Для начала я обратилась к декану, а после и ректору, чтобы получить отсрочку в оплате обучения. Как лучшая студентка года, отсрочки я не добилась, но получила работу на кафедре естественных наук. Оплата покрывала мое обучение, покупку книг и канцелярии. Для преподавательского состава проживание в общежитии было бесплатным. И меня оформили как помощника магистра. Ну, а с пропитанием и шпильками с платьями пришлось выкручиваться уже без протекции, слегка нарушая закон. Я писала работы для поступления в университеты для других будущих студиусов. Безусловно, не в наше заведение, но и это было рискованно. По закону подобные соискатели считались уголовниками, как и те, кто им помогал. Как только я получила степень и стала полноправным учителем, с подработкой я завязала. Но очень боялась, что кто-то узнает о моем темном прошлом. И оттого, наверное, была к студентам еще строже. Кто знает, не пришли ли они в наш университет как те, кому помогала я? Совесть мучила, и я вымещала свои страхи на учениках.
Ну и еще — мне эта работа далась нелегко. Я училась как проклятая, потому хотела видеть и в других хотя бы вполовину того усердия, что было у меня. Рвения к знаниям. И уж никак не улыбочек и заигрывания от двадцатипятилетнего студента, который решил получить степень магистра за счет обаяния. Насколько мне было известно, с преподавателями он в отношения не вступал. Однако уверенности в этом не было — слухов не существовало, но, если не пойман, еще не обязательно, что не вор. Да и вообще быть жертвой очарования малолетки (ладно, мысленно поправила я себя, — молодого, но мудаковатого мужчины) мне не хотелось. Я прекрасно видела со стороны, как млели другие дамы, как учителя, что тридцати, что шестидесяти лет, с легкостью ставили свои подписи в его зачетку. И скрежетала зубами. Нет, он не был глуп. О нет. Я прекрасно знала, на что он способен. Я не раз видела его вечером пьяным, а потом без ошибок отвечавшим на семинаре, после того как он лишь пролистал чужой конспект!

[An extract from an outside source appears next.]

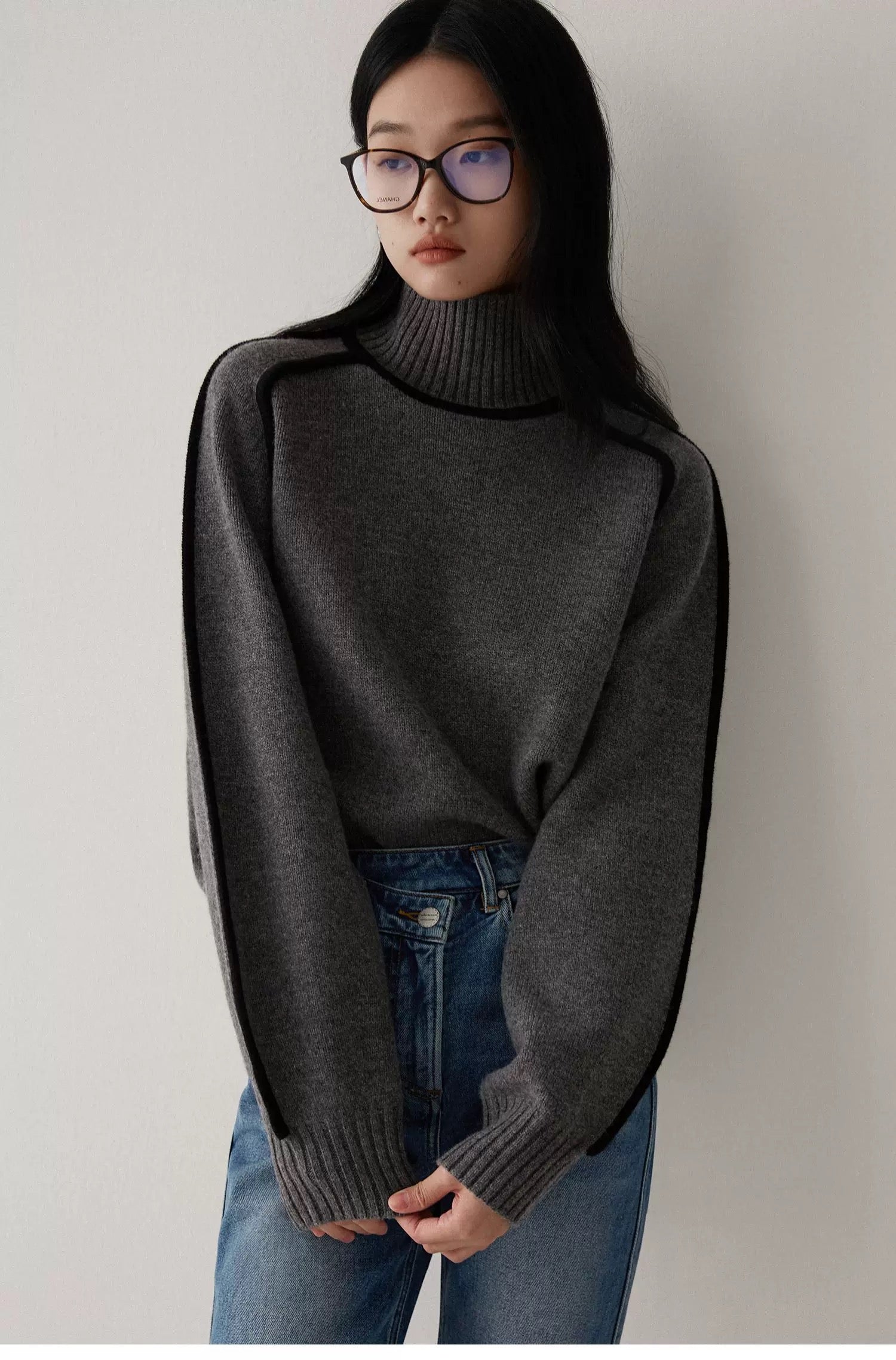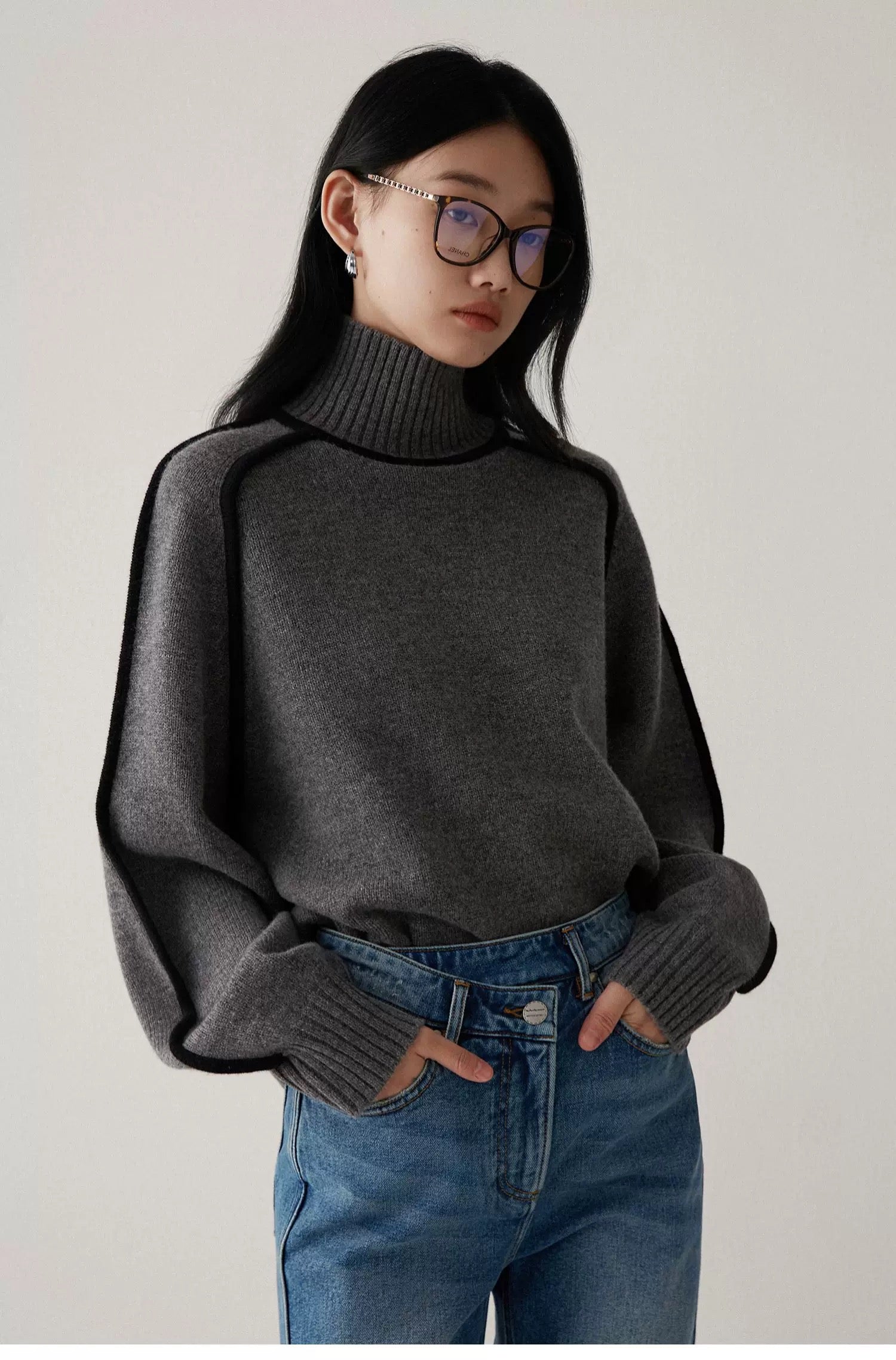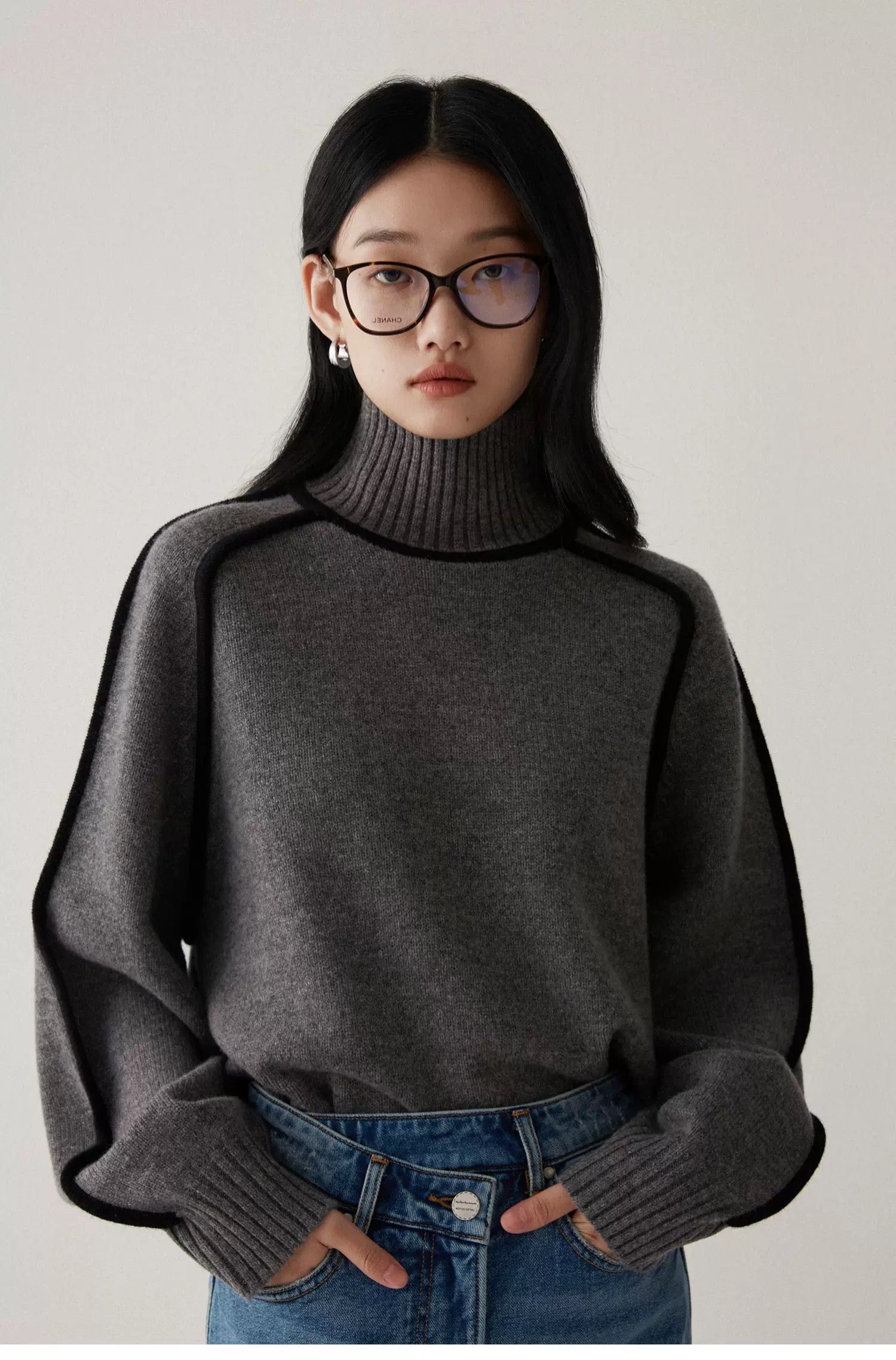 Ein Hauch von Pariser Eleganz trifft auf zeitlose Gemütlichkeit: Der Rollkragenpullover Élan de Neige überzeugt durch seine luxuriöse Haptik und ein minimalistisches Design. Feine Kontraste in Schwarz betonen die Silhouette und verleihen dem cremefarbenen Strick eine moderne Note. Der weiche Oversize-Schnitt und der gerippte Kragen sorgen für höchsten Tragekomfort – ideal für stilvolle Wintertage. Kombinierbar mit Wollhosen, Röcken oder Denim für einen edlen Alltagslook.
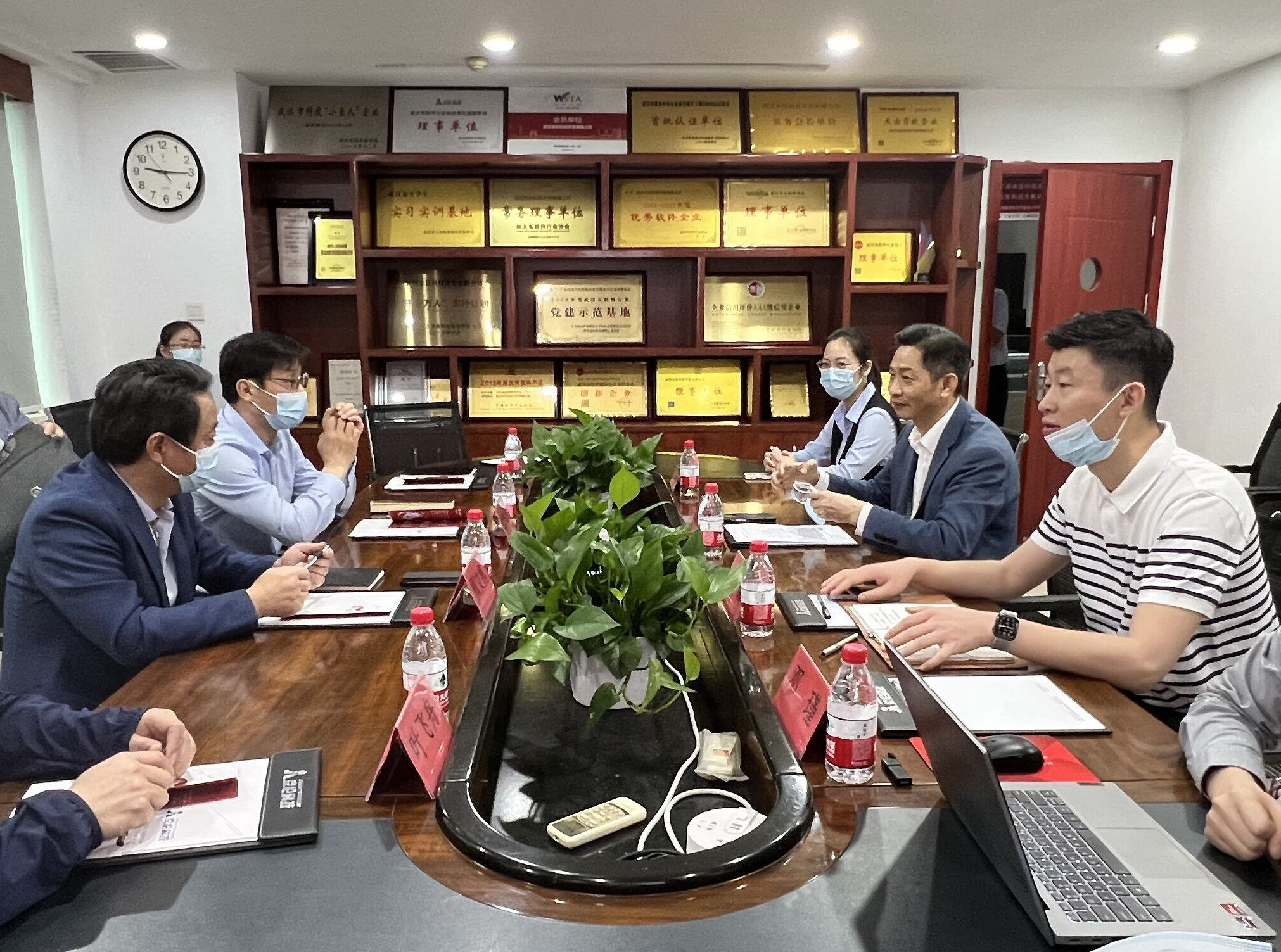 4月25日上午,武昌区政协党组副书记、副主席金建涛率领武昌区政协民宗委主任周文隽,水果湖街人大主任尚德朋以及武昌区政协民宗委台盟、台联、侨联委员组副组长、武昌区台联会会长叶飞舟莅临我司调研考察企业的发展情况。

Но в этот раз ему не удалось. То ли не успел, то ли никто не поделился конспектами. Некоторым девочкам он все же успел насолить, а некоторые уже были замужем и пока еще влюблены в своих мужей, таких, правда, было только две. Они не были среди лучших учащихся группы. Так что, возможно, и не владели всеми записями по предмету. Кто знает. Для меня было важно лишь то, что на экзамене молодой человек сидел в позе царя — завоевателя мира, вместо того чтобы готовить билет. А когда вышел, начал нести такую ахинею, что я не выдержала и отправила его на переподготовку. Я знала, что это ему не поможет. Чувствовала, догадывалась, что он не готовился, а то, что знал ранее… или забыл, или забил. Забил на те знания, которые должен иметь, и решил выделиться. Не вышло.
Второй круг ему, конечно, ничем не помог. Более того, когда я бесшумно приблизилась, чтобы задать уточняющий вопрос, студиус Де Марсен вздрогнул, чертыхнулся и уронил выпавшую из рукава шпаргалку. А вслед за ней посыпались и другие. Я подняла ворох бумажек и уселась за свой стол. Сидела и не знала, что делать. Смеяться? Плакать? Горка маленьких книжек гармошкой была исписана вдоль и поперек. Не его почерком! Я не выдержала, устало сняла очки, потерла переносицу и сказала дать зачетку. Де Марсен, беспечно улыбаясь, вручил мне ее легко, без волнений и попыток оправдаться. Он и теперь был уверен, что я поставлю ему хороший балл. Я даже на секунду прикрыла глаза и еще раз посмотрела на молодого человека. Нет, все верно. Он улыбался улыбкой победителя жизни. И я написала «не готов». То есть низший бал. Даже не неуд. Дважды «не готов» по экзамену обеспечивало исключение на любом этапе учебы. А у него со мной будет еще не одна встреча. Практикум и дипломная по предмету, имперский экзамен и общий выпускной итог, где каждый преподаватель оставлял рекомендации и замечания будущему магистру. Мы тогда оба поняли: не быть ему магистром. Из-за меня не быть. И из-за него — я не уступлю, пока не станет учить. Он не станет учить из принципа. И я бы забыла, до вечера, а потом и навсегда. Если бы не нелепая случайность.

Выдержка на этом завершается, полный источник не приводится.